Навстречу мне шла женщина в красном платье. Я сначала и увидел ее как пятно, флажок. (Чух изобразил бы ее кирпичного цвета прямоугольником.)
Ножки женщины бодры, туфли — мелькающие белые скорлупки. Колыханье подола: он трепыхается под ударами колен, будто флаг на ветру. Оттенки платья пурпурные, по красному переливы голубого — вспышками.
Ближе, ближе барабанные удары шагов. Пронзительно заныло сердце.
— Здравствуй, Наташа! — сказал я.
Она остановилась и молчала. Мучительно такое мгновение.

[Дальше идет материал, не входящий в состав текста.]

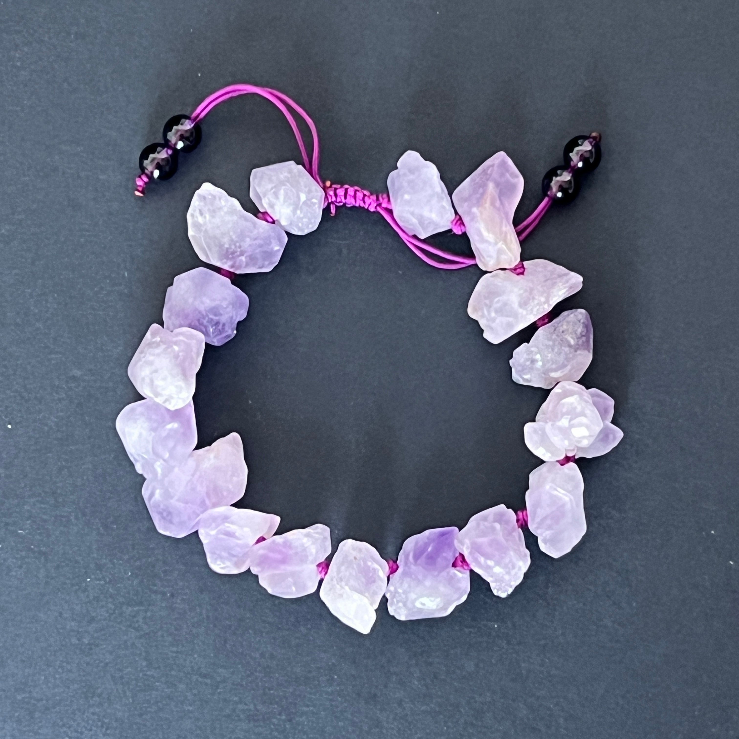 Vélemények - Ametiszt karkötő nyers kövekkel, állítható zsinórral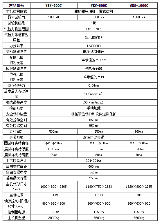 濟南試金WEW-C系列微機屏顯式液壓萬能試驗機主要用于金屬材料的拉伸、壓縮、彎曲等力學性能試驗,增加簡單的附件后可對水泥、混凝土、磚、瓦、橡膠及其制品進行檢測。
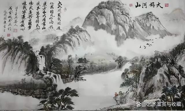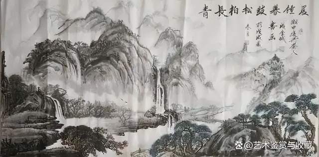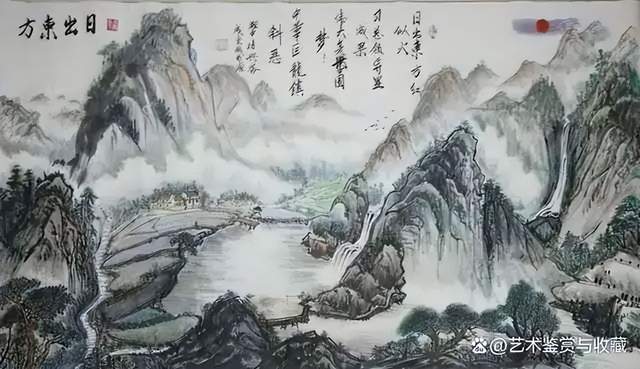 成金城的山水画,借鉴青绿山水的典型笔法,运笔老辣,既展现湖光山色,又富诗情画意的清新神韵,画面笔法细腻浑厚,近景葱翠沧碧与远处云烟缥缈相映成趣,在云烟之外,楼阁掩映的群山树影,增添画面的高远神秘之境,在山光水影中,帆影的飘动、潺潺水流增加画面动感。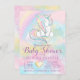 Unicorn baby shower invitations with adorable unicorn on a beautiful pastel rainbow background. These unicorn baby shower invitations are easily customised for your event by simply adding your details. You can also move the heart and lines as needed.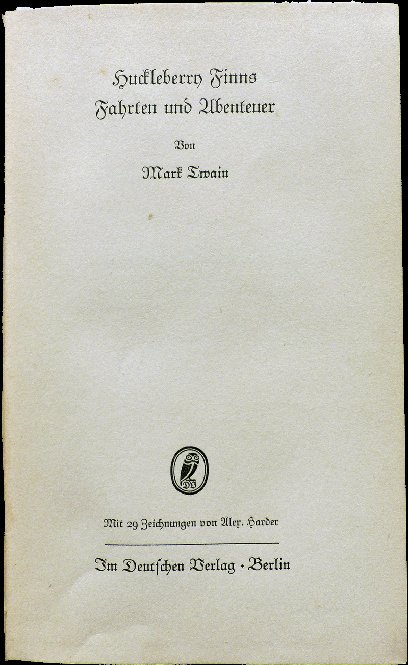 | Die Abenteuer des Huckleberry Finn | 1920 | Hirth, Edouard | 440 | 440 | 0 | Cover (and Title Page) | hf_1920_hir_cover | |
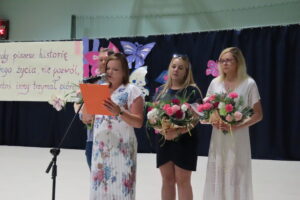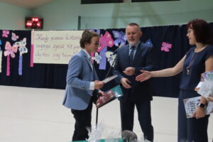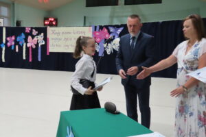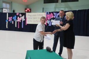 Na ręce rodziców złożono również listy gratulacyjne i podziękowania. Część oficjalną zakończył polonez w wykonaniu ósmoklasistów. Absolwenci przygotowali krótki program artystyczny, podczas którego podziękowali wszystkim pracownikom szkoły na czele z dyrekcją oraz rodzicom. Z kolei uczniowie klas siódmych żegnając starszych kolegów, podziękowali im za to, że dzięki nim dowiedzieli się czym jest szkoła przetrwania.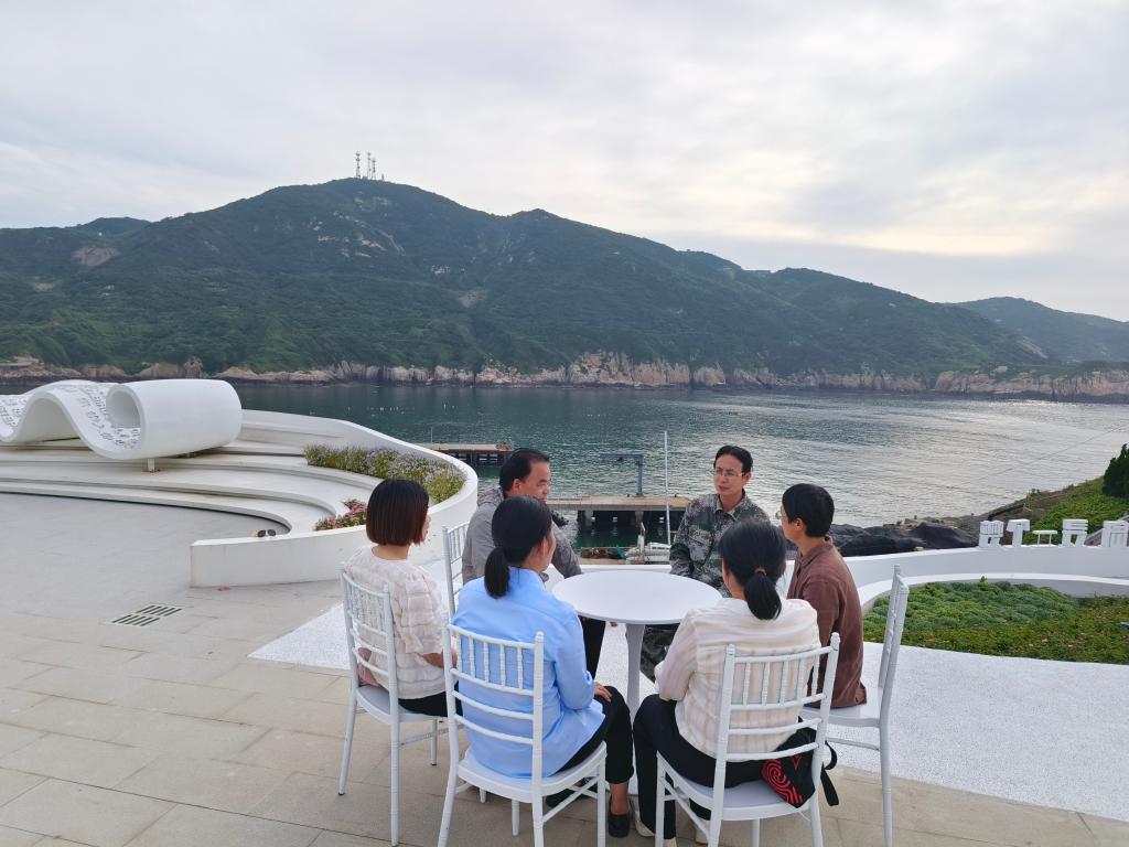 叶利宏和村民代表等在花鸟岛晚风广场讨论海岛乡村游。(资料图)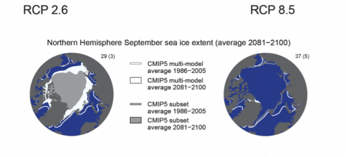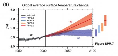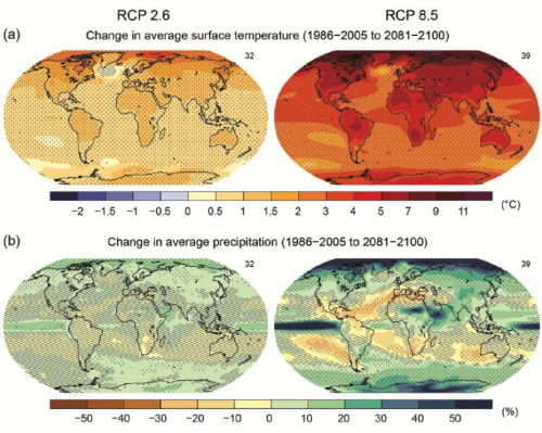 New categories replaced the SRES scenarios used in the former report (with the well-known BAU, or A1FI, representing the businness-as-usual). The brand-new scenarios are named Representative Concentration Pathways (RPCs) and for the first time include hypotheses of global mitigation action that will effectively reduce GHG emissions. The RCP2.6 scenario represents an “high mitigation” future, the RCP8.5 a “very high greenhouse gas emissions” option. Looking at Figures a) and b), it is easy to grasp that the difference between the two options is quite significant.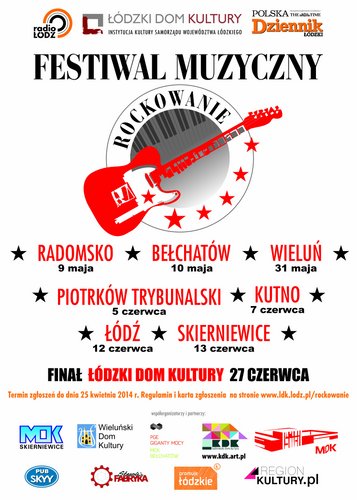 Wieluński Dom Kultury zaprasza na koncert w ramach II etapu przesłuchań rejonowych Festiwalu Muzycznego ROCKOWANIE. Eliminacje odbędą się 31 maja 2014 r. o godz. 14:00 w budynku Wieluńskiego Domu Kultury przy ul. Reformackiej 3 (dawny Dom Nauczyciela).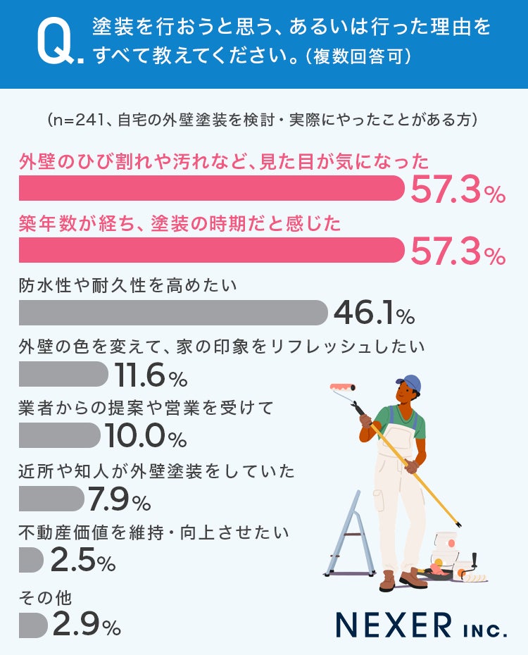 57.3%と半数以上の方が選んでいたのが「外壁のひび割れや汚れなど、見た目が気になってきたから」と「築年数が経ち、塗装の時期だと感じているから」でした。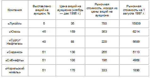 К каждому аукциону допускалось не менее двух участников. Однако победитель почти всегда платил лишь немного больше стартовой цены. Эта цена была искусственной, она не имела никакого отношения к рыночной стоимости компании, что видно из следующей таблицы[9].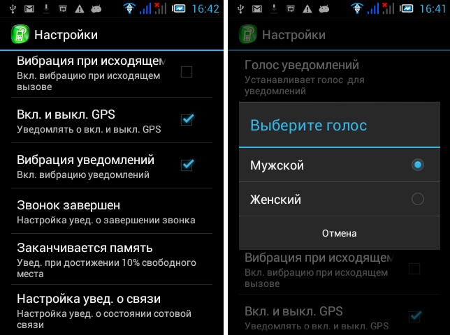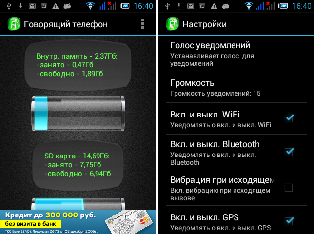 Приложение «Говорящий телефон» представляет собой информер, голосом озвучивающий состояние мобильного устройства. Какие именно события должны озвучиваться задают в настройках программы.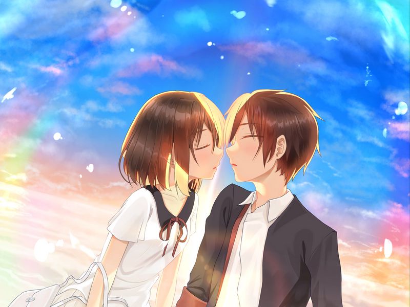 800x600 пара, поцелуй, любовь, аниме обои pocket pc, pda, кпк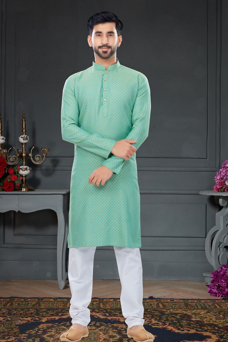 Sea Green Jacquard Work Kurta Pyjama For Men

Наташа была красива. Это стукнуло меня, ошеломило! Я болею, а ей как с гуся вода. Но тотчас я заметил сеточку морщинок под глазами, блеск седины. Так, считанные волоски. Но и ее тронуло время. Я бы сильно обиделся, не разглядев в Наташе этих знаков. Они примиряли нас. В общем времени ее жизни был август, ранняя женская осень на верном ходу.
Я простил ее.
— Как ты живешь? (И думал: «Мне-то все равно»).
— Ничего, — ответила Наташа. Верхняя губа прикрылась нижней, выпяченной (она высокомерна — по временам).
— Ездишь в командировки?
— Редко.
Молчание. Наташа сверлит землю каблуком. Ноги ее длинные, модные. По ним — синяя вязь набухающих жилок. Ими написано: «Молодость уходит».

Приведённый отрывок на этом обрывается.